A story video of Rig, a character from Dead or Alive 5 who is known for his construction worker outfit and a fighting style focusing on flashy kicks.


Released in 2012 by Koei Tecmo, “Dead or Alive 5” added new characters such as Rig, whose motion actor was Kataoka Tomoyasu (6th dan instructor*), a student of Master Lee Jong-mok (7th dan*) who was mentioned above as a motion actor in the production of the SNES game “Taekwondo.” For his motion capture performance, Kataoka wore black tights and black shoes attached with sensors and performed for three or four hours, freely demonstrating his techniques or demonstrating additional movements as requested by the developers, since techniques that had been converted into data could be used for any desired purpose. According to Kataoka, the character’s movements within the game are set to be faster than his own movements to the point that, when he first saw his own movements as enacted by Rig in the game, he could hardly believe that he was the model for the character, only to be reassured by those who played or watched the game that Rig’s movements were clearly based on Kataoka’s.

When playing video games whose characters were created based on the movements of motion actors, it is common to have the reaction of near disbelief that certain techniques were performed in real life by motion actors. However, it’s not always the case that outlandish techniques in video games were actually performed by motion actors. While it’s true that the data collected using the movements of motion actors is used to create the movements of in-game characters, they are not converted directly into the game as they are. The movement data provided by motion actors is used as a kind of a rough sketch, on top of which the imagination of the game developers is overlayed to create the movements of in-game characters. This concept was once discussed by Harada Katsuhiro, the director of the Tekken series. As such, the result can differ slightly from the original martial art it was inspired by.



Demonstration of the Hwarang teul (form) in the intro video for Tekken 3


Demonstration of the Hwarang teul (form) by Master Hwang Su-il, a motion actor for the Tekken character Hwoarang



 Demonstration of the Hwarang teul (form) by Joel Denis, a Canadian Taekwondo instructor


It was mentioned earlier that motion capture technology is also used to monitor the form of sports athletes. Indeed, both Master Hwang and Instructor Kataoka reflected that their motion capture performances showed aspects of their own movements that require improvement. Through motion capture, it is rather simple and easy to convert a motion actor’s movements into data so that a specific game character can emulate any martial arts techniques. The biggest difference between game and reality would be the process of translating movements into a video game which includes the developers’ imagination.

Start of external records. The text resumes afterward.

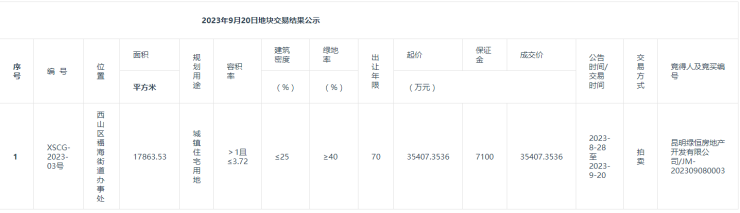 9月20日,西山区福海街道办事处成功出让约 26.79亩住宅用地,地块编号为XSCG-2023-03号,由昆明绿恒房地产开发有限公司以3.5亿元底价竞得,成交楼面价约5328元/㎡。
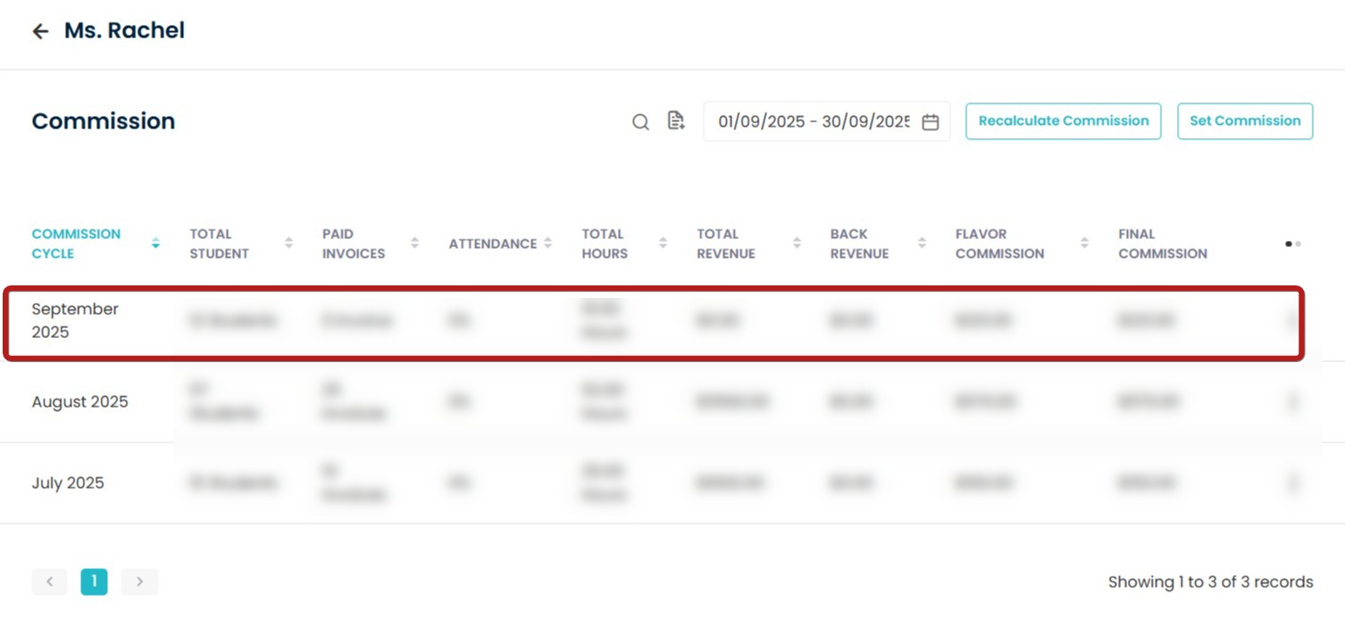 The system will refresh and display the recalculated commission records for the staff member. Click the selected month and open it.
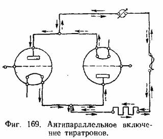 Меняя момент подачи отпирающего импульса, можно изменить продолжительность времени прохождения тока через тиратрон в проводящем полупериоде от нуля до полного полупериода (фиг. 168). При продолжительности времени прохождения тока менее полупериода кривая тока становится несинусоидальной. Таким образом, меняя момент подачи отпирающего импульса на сетку тиратрона, можно менять продолжительность прохождения тока, а тем самым и эффективное его значение. Для использования обоих полупериодов переменного тока применяют два тиратрона в так называемом антипараллельном включении (фиг. 169).
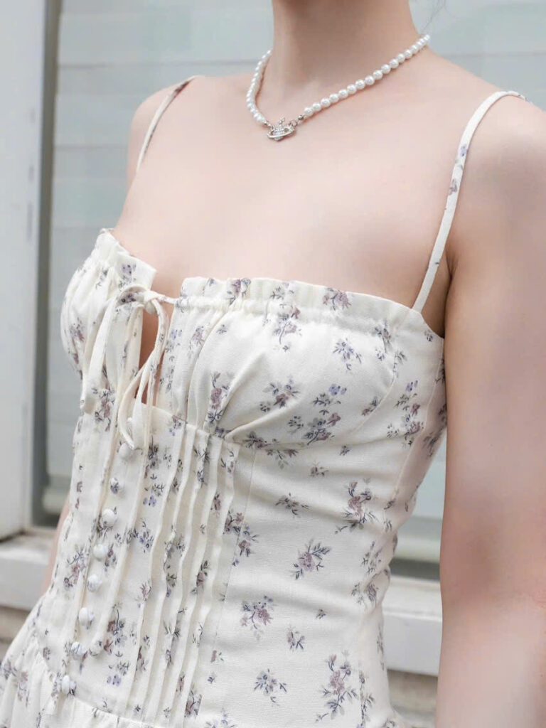 • Decorative fabric-covered buttons at the waist
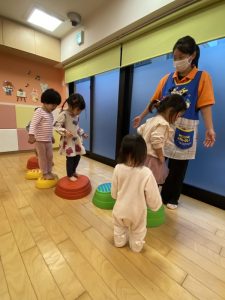 りんごぐみさんは、足をクロスしながらバランスを保って渡ります。

As an aside, the aforementioned game director Harada Katsuhiro once remarked on the difference between American and Japanese game developers. To enhance the realism of the fighting games, his American counterparts tend to apply the original movements of motion actors directly into games. Harada, however, saw the purpose of motion capture for fighting games to be different from other sports games such as soccer and baseball, which seek to depict human movements as closely to reality as possible.

 

*In ITF taekwondo, a ranking system is conferred, where 1st to 3rd dan practitioners are referred to as assistant instructors, 4th to 6th dan are instructors, 7th to 8th dan are masters, and 9th dan are grandmasters, with each rank wearing a different uniform (from color belts to instructors, in particular).

 

**ITF taekwondo differs significantly from WT taekwondo with regard to the terminology, with Teul (form) being a demonstrative example. Teul in ITF Taekwondo correspond to Poomsae in WT taekwondo. Unlike the WT terminology of Taegeuk, Goryeo, and Geumgang, there are 24 Teul in ITF taekwondo that each refer to figures from Korean history, such as Dangun, Hwarang, Chungmu, Gyebaek, Yeongae, Yusin, and Gwanggae, with the name of each Teul reflecting the meaning of the Teul.


※ Views in this writing are the author's own.